Worse, it was clear that R&FA’s most senior leaders were intent on simply going on the record against the contract rather than launching an all-out campaign against it. Our arguments succeeded in pushing them to place more emphasis on the giveback of the no-layoff clause. But they rejected our call to launch a committee to organize workers against the contract, and Steve Downs and Tim Schermerhorn announced that they were going on a short vacation!

While R&FA conducted much of their opposition to the contract in the media, the LRP and RTW swung into action. Josephson attended numerous union meetings to denounce the sellout and argue for a No vote. All supporters were mobilized to distribute 10,000 copies of a new RTW opposing the contract throughout the system. We received an overwhelmingly supportive response from workers eager to read a knowledgeable discussion of the decisive question facing their union.

Josephson then joined with Marty Goodman to sponsor the founding meeting of Transit Workers Against the Contract (TWAC). R&FA boycotted the meeting, slandering it as an attempt to build an LRP front group. Despite their efforts, about thirty workers attended. TWAC’s first meeting featured a long discussion of the contract, with a Toussaint representative trying to defend it. But the overwhelming majority of workers present voted to form the committee and adopted a statement against the contract and of no confidence in Toussaint, of which thousands were distributed in the coming week.

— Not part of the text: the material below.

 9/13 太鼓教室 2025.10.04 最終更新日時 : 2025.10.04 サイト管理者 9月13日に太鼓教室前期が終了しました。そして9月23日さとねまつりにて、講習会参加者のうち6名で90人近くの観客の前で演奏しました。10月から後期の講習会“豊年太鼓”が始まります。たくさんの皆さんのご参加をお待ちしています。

Directly through RTW, and with other militants through TWAC, we did all we could to defeat Toussaint’s sellout. But not enough militant transit workers had been won to the task of building an alternative leadership in the union, one that could win workers’ confidence to take the struggle forward if the contract was defeated. Toussaint thus succeeded in ramming through the contract, but the struggle continues.

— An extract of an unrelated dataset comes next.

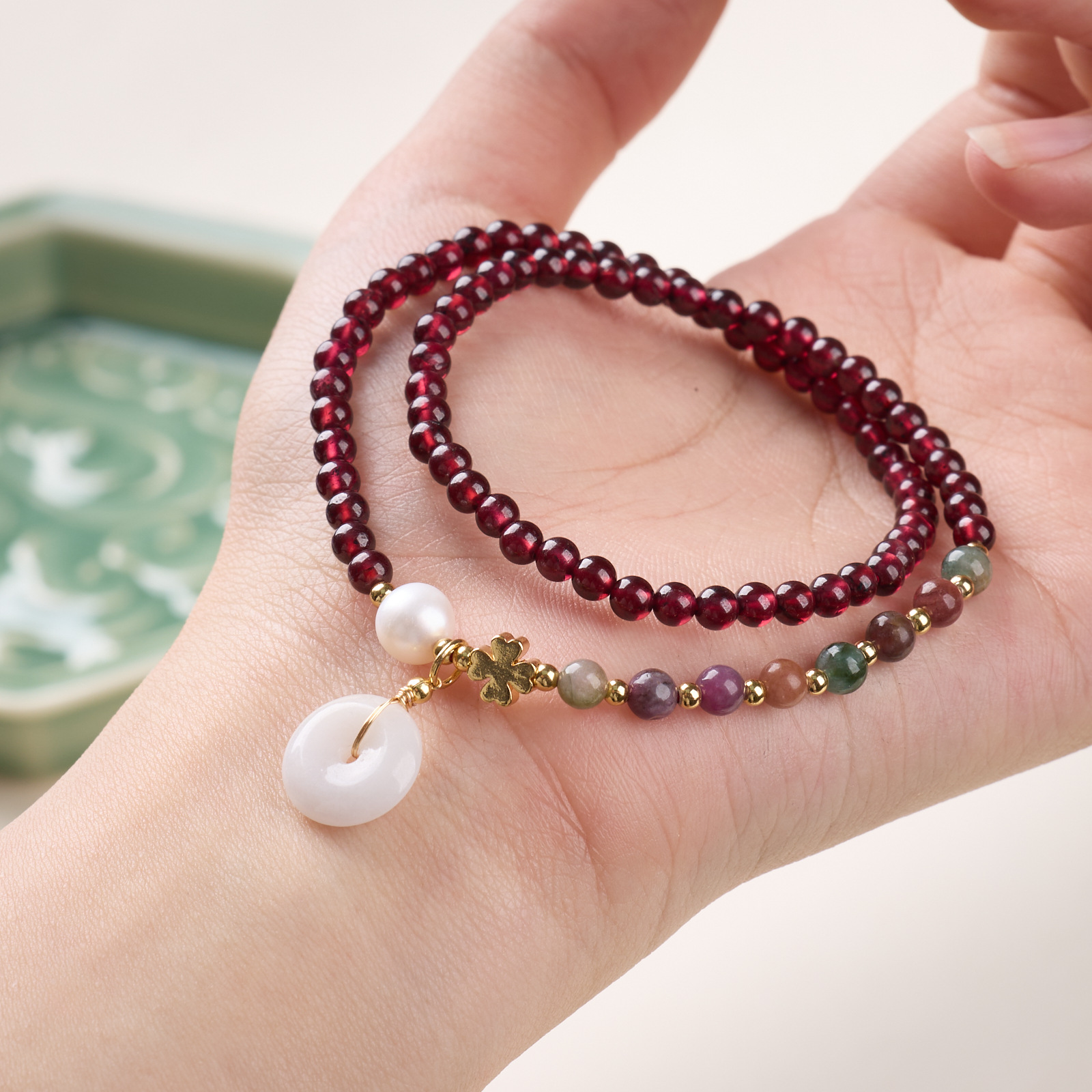 |名称|4MM石榴石 碧玺 淡水珍珠 翡翠平安扣 双圈手链

In the coming months the MTA will undoubtedly take advantage of its contract gains and escalate its attacks on the union. Toussaint’s betrayal of the struggle underscores the importance of building a new leadership for the union. We will be ready to join with every worker committed to fighting for mass action to defeat the bosses’ attacks. We expect that militant workers who joined with us in TWAC, as well as others who have become subscribers and distributors of RTW, will want to work more closely with us in the future. For our part, we will also work to convince our fellow workers that the only perspective that can really answer the demands of the struggle is that of building a revolutionary socialist party leadership to lead not just transit workers’ struggles to victory, but those of the entire working class.